Windows OCR and Tesseract engines are **always available** — no feature flag needed.

```toml
# Default (no ocrs engine)
pdfpurr = "0.2"

# With ocrs pure-Rust engine
pdfpurr = { version = "0.2", features = ["ocr"] }
```

## Architecture

```
pdfpurr/
  src/
    core/             PDF object model, filters, compression
    parser/           Lexer, object parser, xref, repair
    content/          Content stream tokenizer and builder
    fonts/            Font parsing, encoding, embedding, subsetting, variable fonts
    images/           Image extraction and embedding
    rendering/        Page-to-pixel engine (tiny-skia), annotation rendering
    encryption/       Standard security handler (R2-R6, RC4, AES-128/256)
    forms/            AcroForms (read/write)
    signatures/       Digital signature parsing and verification
    standards/        PDF/A, PDF/X validation
    accessibility/    PDF/UA, tagged PDF, structure tree, structure builder
    structure/        Outlines, annotations, metadata
    ocr/              OCR engines, text layer, layout analysis, preprocessing
    document.rs       High-level API (open, parse, lazy, mmap, write, OCR)
    page_builder.rs   Page creation API
    error.rs          Error types
  tests/
    adversarial_tests.rs  Edge-case and malformed PDF tests (22)
    corpus_tests.rs       Real-world PDF corpus (33 files)
    external_corpus_tests.rs  veraPDF, qpdf fuzz, BFO tests
    integration.rs        Write-path roundtrip tests (25)
    proptest_fuzz.rs      Property-based fuzzing (18 targets)
  fuzz/               cargo-fuzz targets (document, content stream, object)
  benches/            Criterion benchmarks (parser, tokenizer, renderer)
```

## Testing

```bash
cargo test                       # all tests
cargo bench                      # Criterion benchmarks
cargo clippy -- -D warnings      # Lint check (clean on stable and nightly)
cargo fmt --check                # Format check
cargo doc --no-deps              # Build documentation (zero warnings)
```

CI runs automatically on every push: Ubuntu/Windows/macOS (stable), Ubuntu nightly, Criterion benchmarks, and 120 seconds of fuzz testing across 3 targets.

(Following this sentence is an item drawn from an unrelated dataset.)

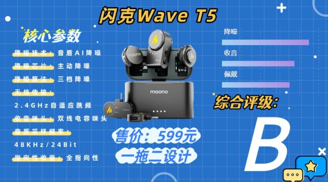 在音质表现方面,Wave T5支持高采样率无线传输协议,搭载优化后的全指向拾音单元,频率响应宽广,能够准确捕捉人声细节,同时对常见环境噪声具有良好的抑制能力,录制效果清晰自然。无线信号稳定,延迟低且抗干扰性能较强,可在开放与室内环境中保持可靠连接。
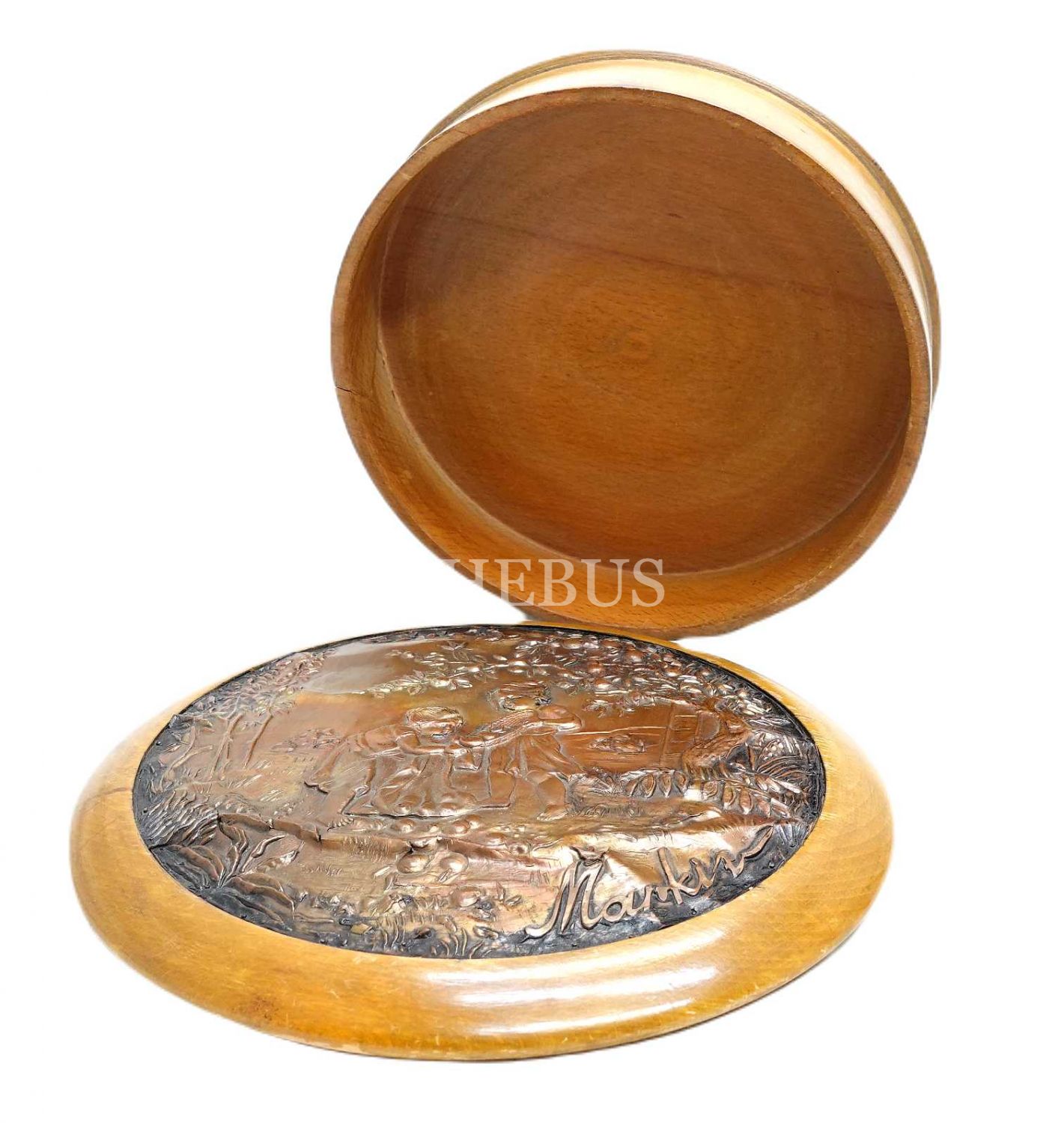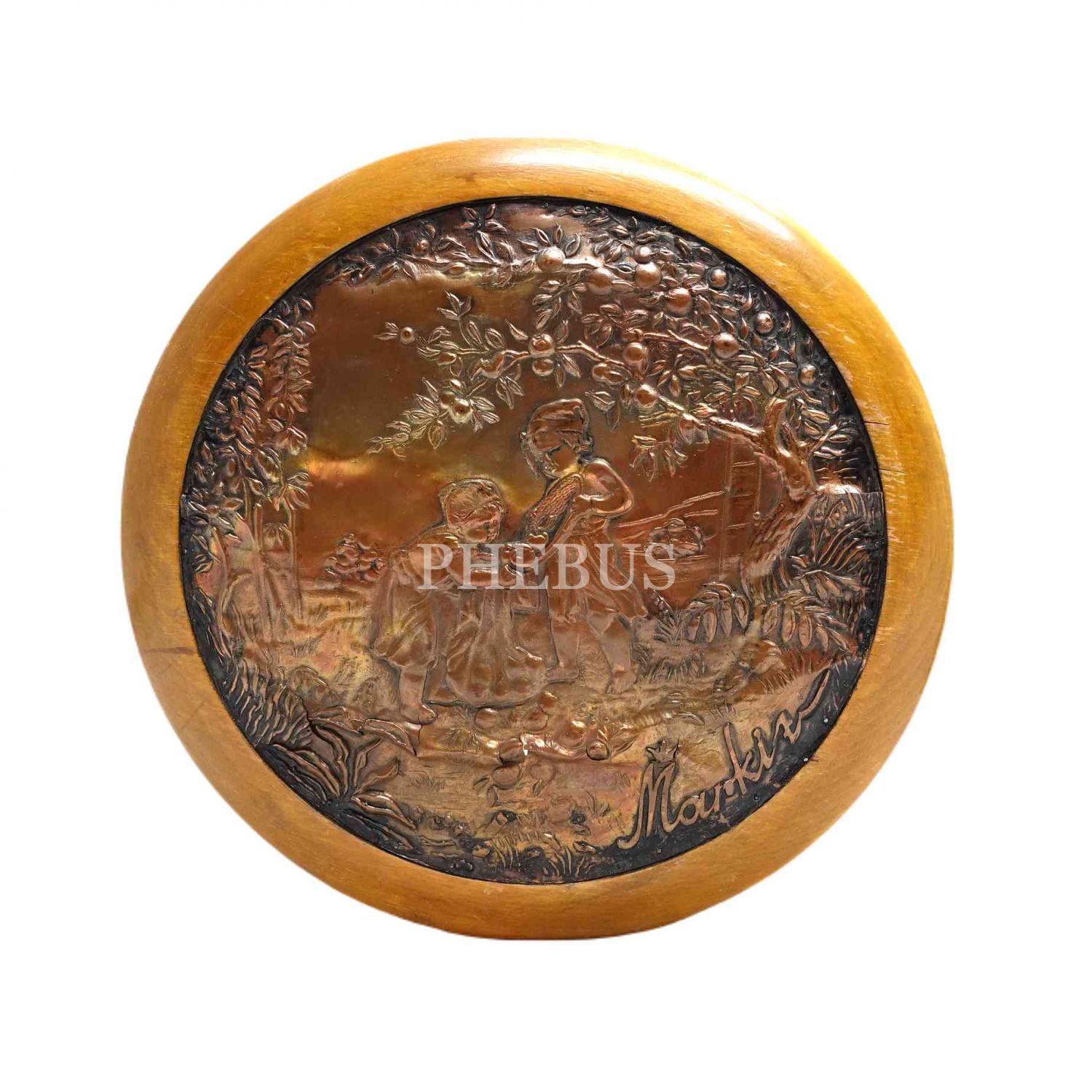 Bakır rölyef kapaklı ve "MARKİZ" yazılı ahşap şekerleme kutusu, 25x6 cm

On-demand corpus testing against 1800+ external PDFs available via GitHub Actions.

## Performance

| Operation | Time |
|-----------|------|
| Parse 14-page PDF (1 MB) | 26 ms |
| Text extraction per page | 4.7 ms |
| Render page at 150 DPI | 210 ms |
| Create new Document | < 1 us |

## Security

- Zero `panic!` or `unreachable!()` in production code
- Checked arithmetic on all image dimensions and buffer allocations
- Resource limits: 256MB decoded stream max, 1M xref rebuild cap
- Depth limits on recursive structures (page tree, outlines, inherited properties)
- Fuzz-tested: 3 cargo-fuzz + 18 proptest + 22 adversarial tests

## License

Dual-licensed under MIT or Apache-2.0 at your option.